We talked on while the dusk gave way to darkness and the lights of other houses started to twinkle through the trees. Her reading had been wide. It had given her even an affection for some periods of the past, but her approval of her own era was unshaken. She felt no aridity in it. Always it was my “conditioning” which prevented me from seeing that the golden age of woman had begun at last.
“You cling to too many myths,” she told me. “You speak of a full life, and your instance is some unfortunate woman hugging her chains in a suburban villa. Full life, fiddlesticks! But it was convenient for the traders that she could be made to think so. A truly full life would be an exceedingly short one, in any form of society.”
And soon…
At length, the little parlourmaid reappeared to say that my attendants were ready to leave when it should be convenient. But there was one thing I very much wanted to know before I left. I put the question to the old lady.
“Please tell me. How did it, how could it happen?”
“Simply by accident, my dear, though it was the kind of accident that was entirely the product of its time. A piece of research which showed unexpected, secondary results, that’s all.”
“But how?”
“Rather curiously, almost irrelevantly, you might say. Did you ever hear of a man called Perrigan?”

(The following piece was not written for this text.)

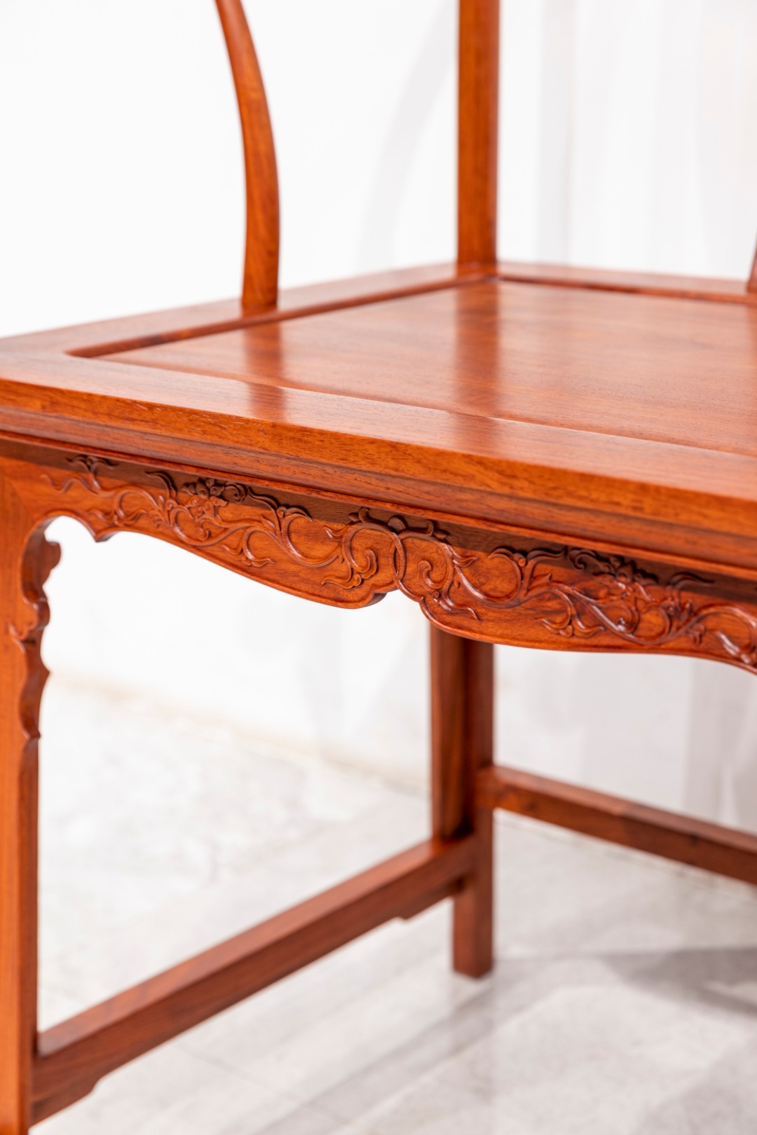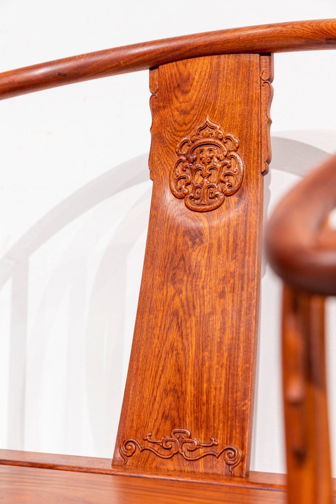 此款圈椅扶手收尾弯头见方,成圆钮形,靠背独板,上部减地刻团花卷叶塔刹纹,下部起阳线刻卷草纹亮脚,前后腿一木连做,鹅脖三弯,与扶手间嵌入小角牙,联帮棍上细下粗,柔美考究。座面攒边打槽装独板面芯,边抹冰盘沿,座面下正面及两侧为壸门券口牙子,沿边起饱满阳线,正面牙板上浮雕缠枝莲纹,四足间装步步高赶枨,整体风格威严不凡,又舒展圆融。
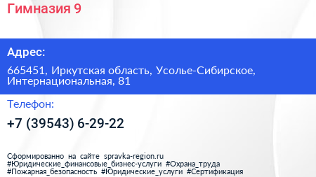 Гимназия №9 по адресу 665451, Иркутская область, Усолье-Сибирское, Интернациональная, 81 в дальнейшем Организация, размещена в следующих категориях:

“Perrigan?” I repeated. “I don’t think so, it’s an uncommon name.”
“It became very commonly known indeed,” she assured me. “Doctor Perrigan was a biologist, and his concern was the extermination of rats, particularly the brown rat, which used to do a great deal of expensive damage.
“His approach to the problem was to find a disease which would attack them fatally. In order to produce it he took as his basis a virus infection often fatal to rabbits or, rather, a group of virus infections that were highly selective, and also unstable since they were highly liable to mutation. Indeed, there was so much variation in the strains that when infection of rabbits in Australia was tried, it was only at the sixth attempt that it was successful; all the earlier strains died out as the rabbits developed immunity. It was tried in other places, too, though with indifferent success until a still more effective strain was started in France, and ran though the rabbit population of Europe.
“Well, taking some of these viruses as a basis, Perrigan induced new mutations by irradiation and succeeded in producing a variant that would attack rats. That was not enough, however, and he continued his work until he had a strain that had enough of its ancestral selectivity to attack only the brown rat, and with great virulence.”
“In that way he settled the question of a longstanding pest, for there are no brown rats now. But something went amiss. It is still an open question whether the successful virus mutated again, or whether one of his earlier experimental viruses was accidentally liberated by escaped “carrier” rats, but that’s academic. The important thing is that somehow a strain capable of attacking human beings got loose, and that it was already widely disseminated before it was traced also, that once it was free, it spread with devastating speed; too fast for any effective steps to be taken to check it.